The Old Schoolhouse, also known as the York Corner Schoolhouse, is an historic one-room school building on the grounds of the Old York Historical Society at York and Lindsay Streets in York, Maine. Built in 1755, it is one of the oldest surviving schoolhouses in all of New England. It was listed on the National Register of Historic Places in 1973.
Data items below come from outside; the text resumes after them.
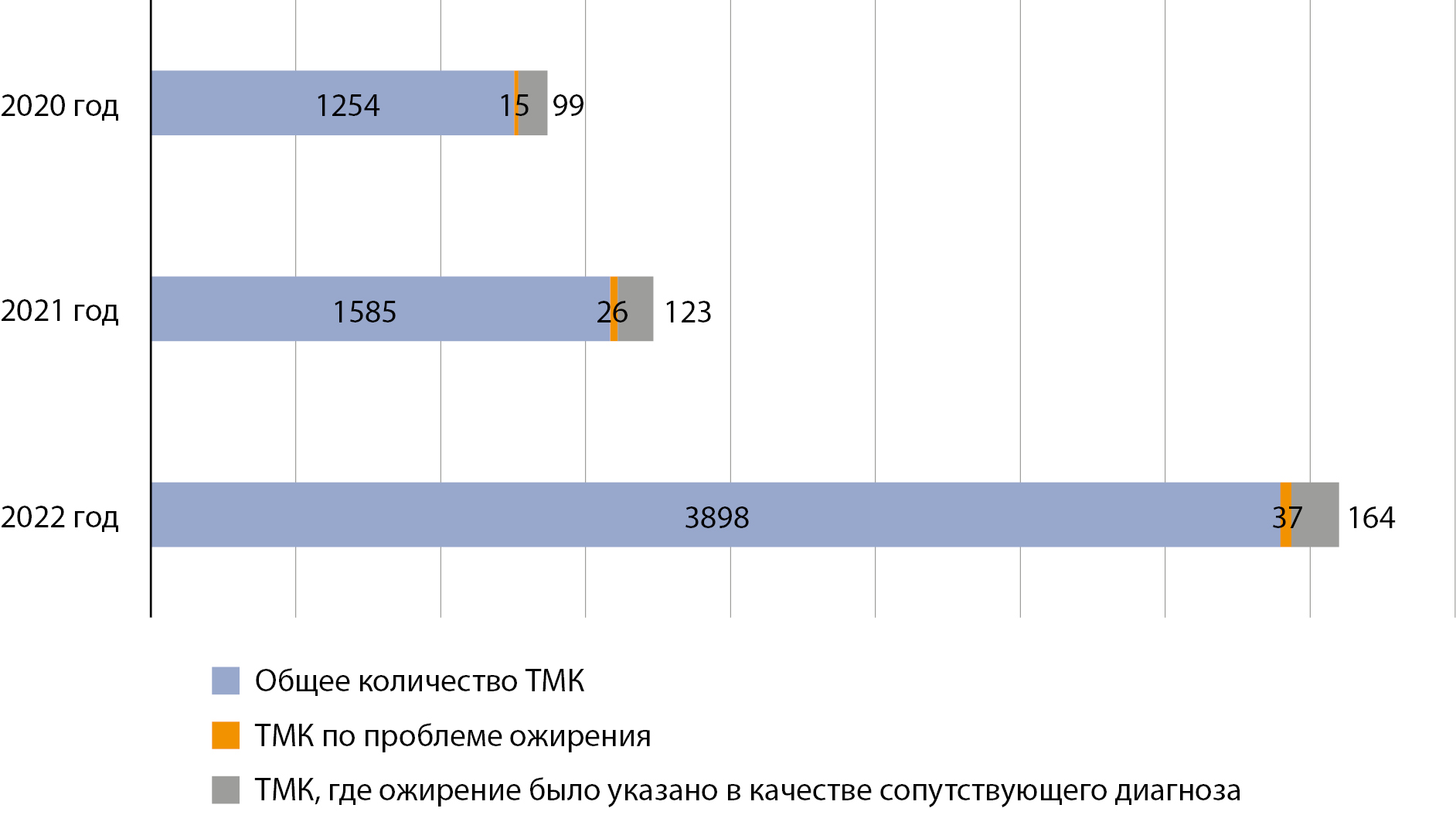 Из 1254 ТМК в 2020 г. в 99 случаях (7,9% случаев) диагноз «Ожирение» фигурировал как сопутствующий. В 2021 г. ожирение в качестве сопутствующего заболевания было указано в 7,7% случаев (123/1585), в 2022 г. — в 4,2% случаев (164/3898). Распределение ТМК из различных регионов РФ за 3 года представлены на рисунке 3.
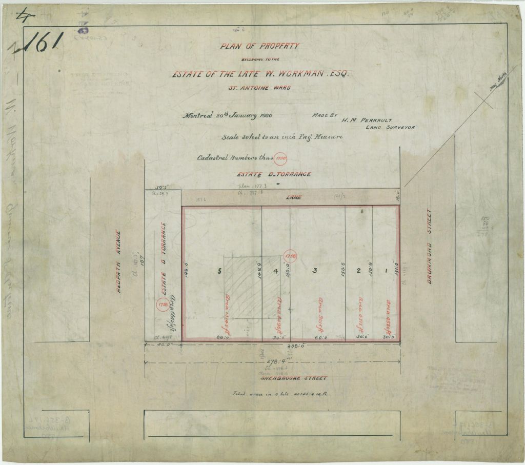 Ce plan présente le lot n° 1758 du cadastre du quartier Saint-Antoine de la cité de Montréal. Le lot appartient à la succession de feu W. Workman. Le lot est situé sur la rue Sherbrooke entre les rues Redpath et Drummond à Montréal. Le lot est subdivisé en 6 lotissements.Le voisin est la succession de feu D. Torrance laquelle possède aussi une portion du lot n° 1758. Les mesures et les superficies des lotissements sont indiquées
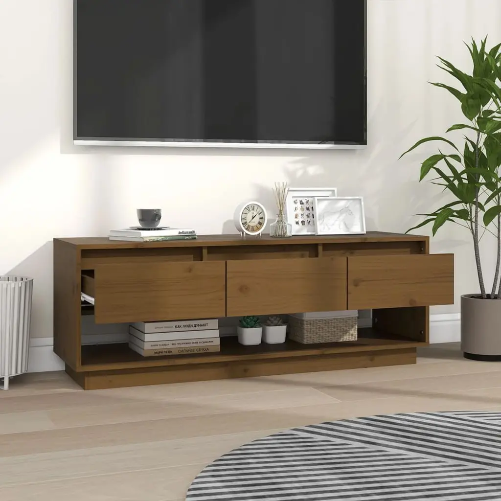 Vidaxl Tv Stand Honey Brown Solid Pine Wood Medium Tv Stand
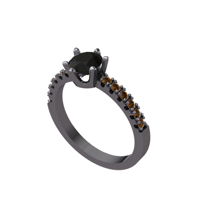 Siyah zirkon ve dumanlı kuvars 925 ayar siyah rodyum kaplama gümüş yüzük
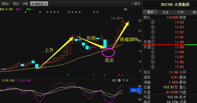 近期的短線牛股天原集團(tuán)就是用這種選股思路選出的,前期上升拉漲之后,開始回檔下跌,回踩至支撐點(diǎn)位選出并發(fā)布在專欄中,截止目前5個交易日的時間30個點(diǎn)的漲幅。

==Description and history==
The Old Schoolhouse is located on the west side of Lindsay Street a short way south of its junction with York Street (United States Route 1A), just outside the center of the village of York. It stands adjacent to the Jefferds Tavern and the visitor center of the Old York Historical Society, which stands at the street corner. The schoolhouse is a small wood frame structure with a gable roof covered in wooden shingles, with exterior walls clad in clapboards. The interior is quite plain, with wide hand-planed floorboards, a fireplace at one end, a small section of plastered wall, and a few small windows.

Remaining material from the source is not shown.